Abberline redoubled his efforts on the brickwork, inserting his pry bar into the small crevice and pulling the implement toward him. There was indeed a door here;.Abberline’s unusual informant, the famous novelist and protege of Charles Dickens, Wilkie Collins, had reportedly escaped from what he described as an underground chamber of horrors presided over by monsters. The fact that Mr. Collins had been suffering from severe laudanum withdraw at the time did not make his story any less credible, as there had been similar tales of abduction, monsters in the sewers, and bodies found with signs of human predation.
Abberline gave a final grunt and the secret door opened, blasting them with a cold draft of air.
“What now?” said Burton, heart hammering at the prospect of encountering an actual cannibal. His one regret from his travels in Africa, morbid as it may have been, was that he had never gotten to witness the practice firsthand.
“Now we call my men. I’m not about to go in there just the two of us. You remember what happened the last time we did that.”
Burton nodded, lowering the lantern. “Shoggoths.”
“There are worse things in this world than shoggoths,” said the detective, stepping around Burton and blowing on his whistle. Burton turned as a dozen lanterns bobbed up and down in the darkness as Abberline’s best men lumbered up the hill of the cemetery toward the secret crypt. He looked at the hole, eager to see what was inside.

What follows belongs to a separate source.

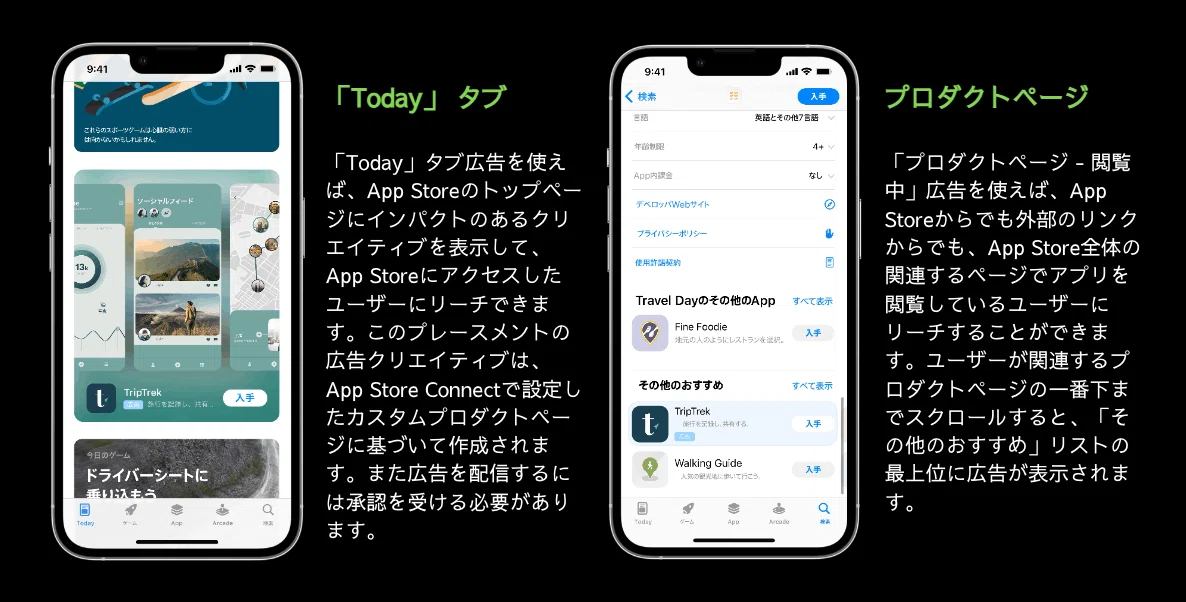 App Storeのトップページに目立つように表示され、App Storeにアクセスしたユーザーが最初に目にするコンテンツになる「Today」タブ広告、またその配信の最初のステップであり、訴求に特化した広告バリエーションが可能になるカスタムプロダクトページを通じて、自社アプリの更なる魅力を発信されてみてはいかがでしょうか?

The whole thing had begun when a half-eaten torso was fished out of the Thames. The city’s coroner examined the remains and determined that, however the poor fellow had died, his body had definitely been gnawed on by human teeth, though from a very small mouth and with strangely pronounced canines. When Wilkie Collins was found wandering the streets, naked and delirious, Abberline called Burton at once, knowing of his interest in cannibalism. Burton had never before seen the man so in his element. He was back to chasing monsters of the human variety, and it clearly suited him. Neither of them had heard anything from Mycroft Holmes in several weeks, and there had been no more shoggoth sightings since that night at the Theosophic Society. This suited Burton just as well, and he and Isabel were once again planning their long- postponed nuptials.
“All right, Captain,” said Abberline. “We’re ready. Just stay by me.”
“Certainly, Frederick. Lead the way, please.”
A dozen policemen, armed with truncheons and lanterns, flooded the opening. Abberline pulled the grate open with a rusty squeal and they entered the dark aperture. Burton had to duck low to keep from bumping his head as he walked hunched over through the tunnel of crumbling brick. The lanterns the coppers were holding swayed with their movements, throwing strange shadows. Burton imagined he was an explorer once again, journeying into a land as strange and exotic as any Persian oasis or African veldt. And it was underneath his feet every day.